We're considering Snowflake and want to understand how we could use it, and possibly other tools, to overcome one of our main problems - ETL! We currently use a legacy DWH with an ETL process consisting of SSIS and some views. This has all the common pitfalls of this methodology - most notably that it takes ages!

I was under the assumption that we'd move to an ELT model in Snowflake, I started to research tools to do the 'T' part of it, however, I'm just listening to this podcast: https://www.dataengineeringpodcast.com/snowflakedb-cloud-data-warehouse-episode-110/

And it's suggesting that just slapping a SQL View over something and exposing it in say PowerBI or Tableau is enough for the T part of things!...

Just wondering what people's experience was here? - Do you do transformations just by writing a view in Snowflake? - Do you use a third party tool specifically to address this need?
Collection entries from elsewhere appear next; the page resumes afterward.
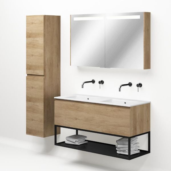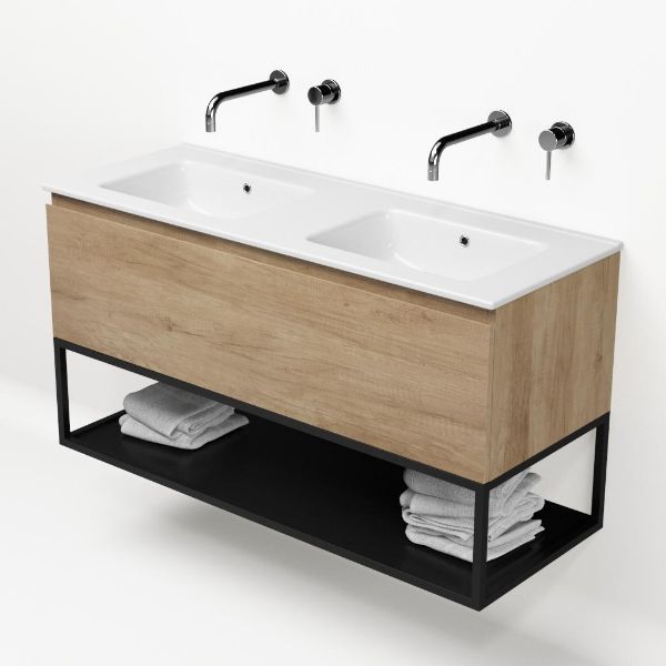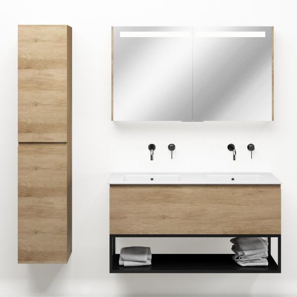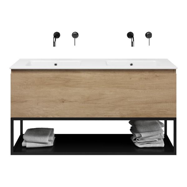 | Bellanti Solo/Tela/Etna badmeubel 120x46 1 softclose lade olm greeploos keramische wastafel dubbel wit zonder kraangaten met mat zwart metalen frame |
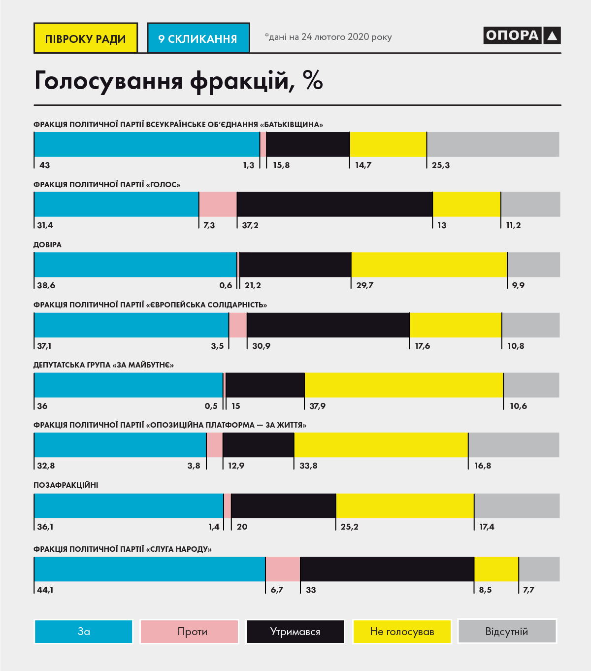 "Против" больше всего голосуют депутаты "Голоса" и "Слуги народа" - таких случаев 6,7%. Наименьшее красную кнопку нажимают в депутатской группе "За будущее" (0,5%) и группе "Доверие" (0,6%).
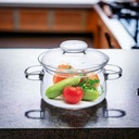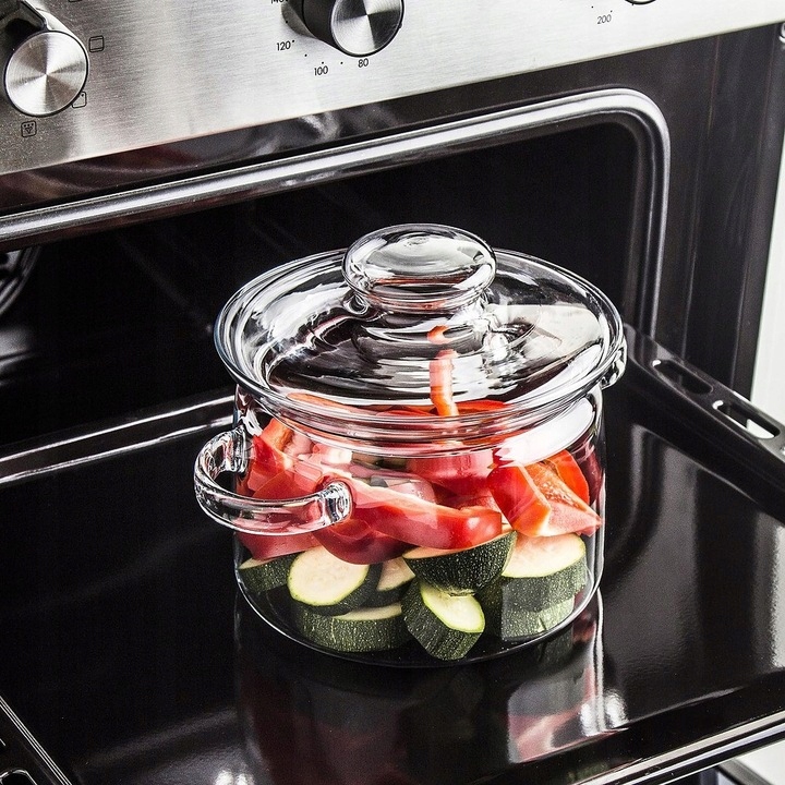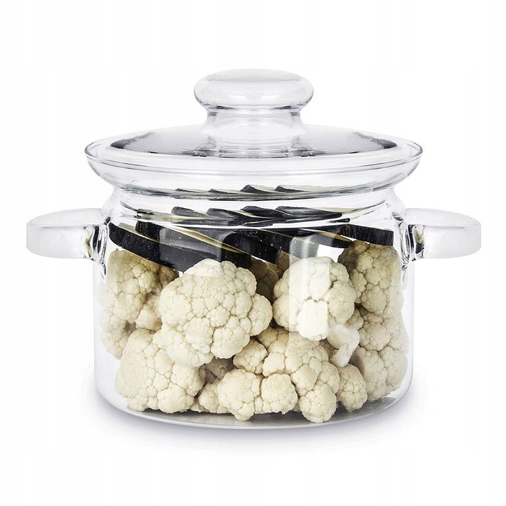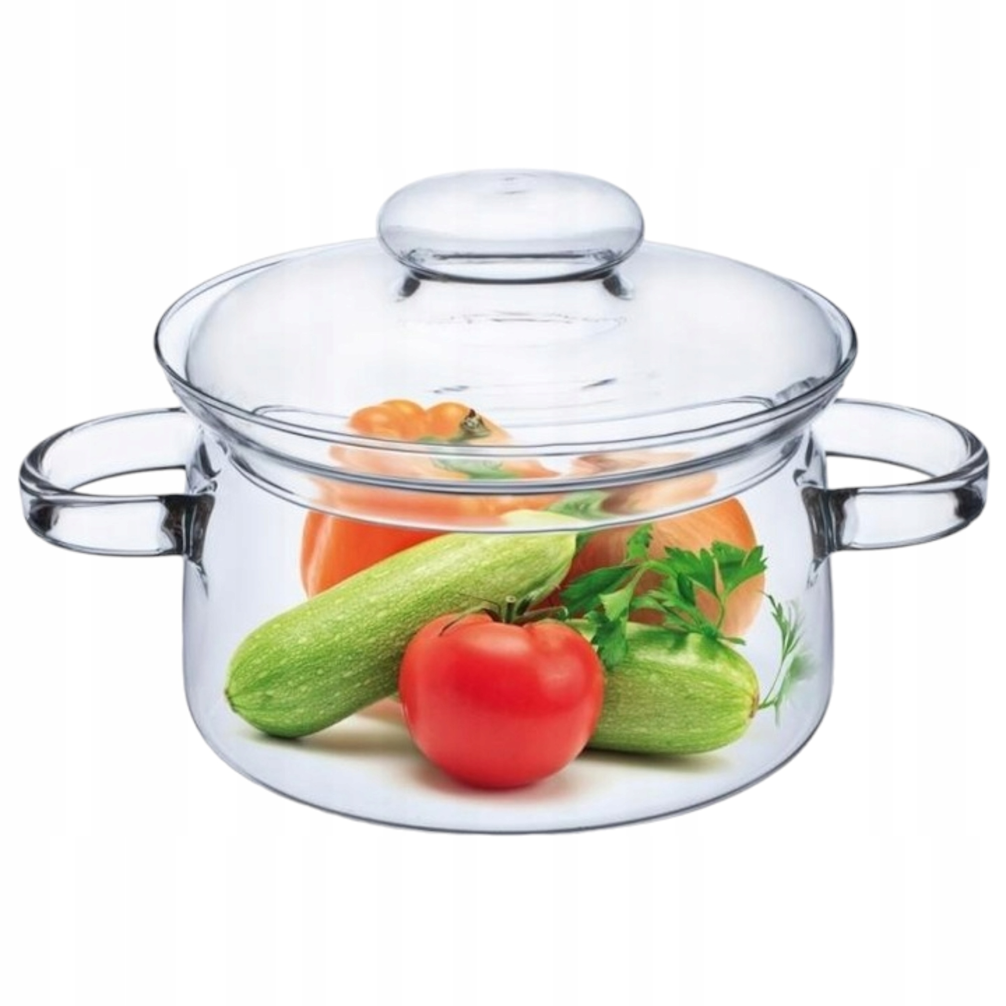 Szklany garnek ma pojemność 2 L, nadaje się do gotowania, przechowywania w lodówce, odgrzewania.

Secondary to this, for the Extraction and Loading, do you: - Do this using Snowflake only - Use a third party tool

I'm specifically interested if you do this to create some kind of timeseries in Snowflake from a non timeseries source. That's something we'd be keen to do.

2
While you have legitimate questions, software discussions/recommendations/opinions are off-topic for Stack Overflow (See What topics can I ask about here? and What types of questions should I avoid asking?) so I'm voting to close the question. Perhaps consider starting a thread on the Database sub-Reddit. - Eric Brandt
I've rephrased the question, hopefully that helps. I was keen to ask here as this was where Snowflake's site specifically directly me to in terms of a 'forum' as it seems Snowflake have migrated theirs off their site and on to here. I felt this would provide me with the most experienced Snowflake users which would be great :) - ChilliBob

2 Answers

1
votes

This question is hard to answer without sounding opinionated, especially not knowing your use case. For what it's worth here is what I think:

  • Don't stick views on top of your tables and expose to a reporting tool unless you have a very very simple setup. If you're considering a tool like Snowflake then you will probably want to go for something more sustainable, this approach can become prohibitive in terms of cost and complexity in your views.

  • Use a third-party tool to manage your ELT process. Your choice of tool will depend on your internal skills and cloud strategy, have a look at the tools out there like Stich, Fivetran etc. If you don't mind having on-premise technologies why not stick with SSIS or use something like Apache Airflow (requires up-skilling)

  • Snowflake will not help you with the E of ELT, you will need to use a third-party tool to manage the extract of data from your other systems like SSIS. It will help with the L part, for this you can use Snowpipe or COPY commands which are available within the Snowflake ecosystem. Snowflake will also help you share your data with external parties which is really nice.

0
votes

My organization has created a fairly complicated dimensional model in Snowflake using layers of SQL views, against which we can point our reporting tools. We use a separate replication tool for extraction from source systems and loading into Snowflake. Using views simplifies our approach in that we don't need to use an additional tool. It also makes managing the code easier than something like SSIS. For instance, we can search for code using the Snowflake interface or our version control tool instead of having to open individual SSIS packages.